Я попыталась сглотнуть, но в горле пересохло.
– Так значит, – я снова потрогала едва заметную родинку на макушке.
– Да, значит, ты, наконец, решилась!
– На что?
– А вот этого я тебе не скажу. Всему своё время! Ты получила приглашение от биеннале?
– Да, – я кивнула, будто она могла меня видеть.
– Замечательно! – на распев ответила Олеся.
– Там написано, что моя заявка принята, – я открыла письмо и пробежалась по строчкам. – Мне выделяют отдельное помещение и даже оплачивают часть расходов на, – я перечитала поставивший меня в ступор отрывок. – На ужин. Что за ужин?
– Ах, ерунда. Мы решили, что будет здорово провести ужин перед открытием ярмарки и презентацией твоего, – Олеся задумалась, подбирая слово. – Твоего экспоната.
– Кто приглашён?
– Я пришлю тебе список чуть позже. Это все наши.
– Наши, – по инерции повторила я, пытаясь осмыслить новости.
– Да, все свои.
– Ладно. А что нужно делать? Я писала сценарий?
– Просто ужин в кругу друзей, ничего такого. Чтобы тебе было проще перед открытием. Ты ведь не помнишь, что ты там задумала. Да и вообще этого не знаю даже я. Я подготовила всё по твоим заметкам, но общей картины у меня нет. Это может быть живопись или, может, какой-то ролик. На открытии узнаем. Наверное, – она весело хмыкнула. – А если не узнаем, ещё лучше!
– Картина или ролик, – я была в замешательстве.
– Не переживай, всё готово. Я взяла вам с Никитой билеты. Вылетаете накануне, в четверг.
– Спасибо, – выдохнув, сказала я.
– Ладно, мне пора, тут Серж мне присылает пачки голосовых, нужно разобрать. До завтра?
– Да, до завтра.
– Я пришлю тебе список!
– Да, спасибо.
– Счастливо! – и её голос растворился в тишине студии.
Я, обескураженная разговором не меньше, чем письмом от организаторов ярмарки, поднялась из-за стола и обернулась. Со всех стен, из каждого угла и с обоих мольбертов на меня смотрели мои разноцветные воображаемые друзья – яркие живописные портреты, над которыми я работала последние месяцы. Я окинула их взглядом, стараясь держать себя в руках, но хватило меня всего на минуту. Я судорожно бросилась к холстам, перекладывая прислонённые к стенам рамы, стараясь понять, кого не хватает.

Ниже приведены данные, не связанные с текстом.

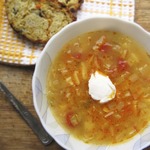Капусту и очищенный картофель нарезать кубиками. Помидор ошпарить кипятком, облить холодной водой и очистить от шкурки. Нарезать его тоже кубиками, но помельче. Лук очистить и мелко нарезать. Морковь натереть на крупной терке. Растопить на сковороде сливочное масло и обжарить в нем лук и морковь.

Спустя двадцать минут и десять седых волос, я убедилась, что все нераспроданные картины были на месте. Это означало лишь одно: на выставке моей живописи не будет. Я отряхнула ладони, запачканные пылью, скопившейся на торцах старых работ, вздохнула и вернулась за компьютер разбирать студенческие проекты.

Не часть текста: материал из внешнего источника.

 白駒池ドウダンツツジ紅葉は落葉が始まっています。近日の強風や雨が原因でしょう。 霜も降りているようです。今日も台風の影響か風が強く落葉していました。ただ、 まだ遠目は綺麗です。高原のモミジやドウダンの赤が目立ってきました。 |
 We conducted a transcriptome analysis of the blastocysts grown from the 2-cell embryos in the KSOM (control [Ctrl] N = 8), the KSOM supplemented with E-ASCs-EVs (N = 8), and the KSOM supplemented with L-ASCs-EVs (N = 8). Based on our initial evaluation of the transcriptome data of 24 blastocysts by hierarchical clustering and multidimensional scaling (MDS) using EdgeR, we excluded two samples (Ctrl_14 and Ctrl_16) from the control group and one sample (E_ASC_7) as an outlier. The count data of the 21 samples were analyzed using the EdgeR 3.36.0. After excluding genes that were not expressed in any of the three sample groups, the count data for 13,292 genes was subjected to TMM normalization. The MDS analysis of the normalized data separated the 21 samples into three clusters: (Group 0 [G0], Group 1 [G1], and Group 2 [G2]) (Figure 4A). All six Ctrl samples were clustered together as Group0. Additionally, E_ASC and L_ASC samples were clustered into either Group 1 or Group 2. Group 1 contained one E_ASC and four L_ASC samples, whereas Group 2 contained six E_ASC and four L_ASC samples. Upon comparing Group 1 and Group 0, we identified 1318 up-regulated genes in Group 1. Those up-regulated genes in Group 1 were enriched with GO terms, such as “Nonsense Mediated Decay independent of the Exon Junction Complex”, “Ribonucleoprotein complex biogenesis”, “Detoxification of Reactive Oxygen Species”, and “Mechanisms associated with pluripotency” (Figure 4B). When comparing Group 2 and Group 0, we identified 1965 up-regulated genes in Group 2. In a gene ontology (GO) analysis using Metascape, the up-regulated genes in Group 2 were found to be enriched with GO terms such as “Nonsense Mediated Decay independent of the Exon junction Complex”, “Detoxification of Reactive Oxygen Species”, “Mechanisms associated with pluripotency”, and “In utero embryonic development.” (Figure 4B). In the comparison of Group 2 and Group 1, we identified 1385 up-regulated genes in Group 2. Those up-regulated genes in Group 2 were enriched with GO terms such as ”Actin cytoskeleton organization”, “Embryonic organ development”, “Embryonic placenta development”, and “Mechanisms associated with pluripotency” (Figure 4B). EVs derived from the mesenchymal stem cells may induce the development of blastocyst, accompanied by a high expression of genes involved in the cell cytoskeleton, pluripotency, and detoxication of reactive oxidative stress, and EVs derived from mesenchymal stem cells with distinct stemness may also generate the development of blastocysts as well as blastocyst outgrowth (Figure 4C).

Просидев за экраном полтора часа, рецензируя эскизы, наработки, палитры и концепции учеников, я потянулась, размяла шею и пошла налить себе чаю, чтобы приступить к тревожному. К списку гостей загадочного ужина, который маячил в конце рабочей недели.
По дороге на кухню я наткнулась на мужа, расхаживающего по гостиной с ноутбуком. На его лице читалось недоумение. Зная, насколько сложно включиться в работу после внезапного вмешательства, я хотела тихо пройти мимо, но он поймал меня резким:
– Приехали!
Я остановилась и вопросительно посмотрела на него.
– Ты же знаешь, что мы в компании используем нейронки для кода? Это лютый костыль, чаще мешает, чем помогает. Точнее, помогает только полным нулям, или предсказуемому коду. Ну, как Т9.
– Да, знаю, – об этом я слышала последние пять лет.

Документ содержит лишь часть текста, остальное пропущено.